Он чувствовал запах вина, духов и тела и понял, что она возбуждена вином, страстью и всем совершившимся. Он понял, что опять, как тогда на Саперном, когда его взяли солдаты, — он для нее герой, и она готова на все. Он понял, что сегодня к страсти у нее примешивается острое ощущение, что это последняя страсть обреченного на смерть. Но он был холоден.

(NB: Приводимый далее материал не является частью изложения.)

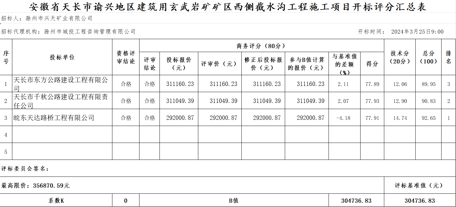 | 第三中標候選人 | 投標人名稱 | 天長市東方公路建設(shè)工程有限公司 | |

Вялым движением он обнял ее за талию и поцеловал горячую щеку.
— Что с тобой? — сказала Ара.
Она пересела на стул и, опершись руками на спинку и опустив на руки голову, внимательно заглянула в глаза Светику.
— Что со мной? — повторил Светик. — Не знаю… Не знаю, что надо делать в случаях, подобных моему. Отдаться страсти и прямо от ее забвения перейти в вечность? Ты передо мной… Ты прекрасная, ты и желанная… И… я не могу…
— Ты устал, мой родной. Переволновался… Хочешь коньяку?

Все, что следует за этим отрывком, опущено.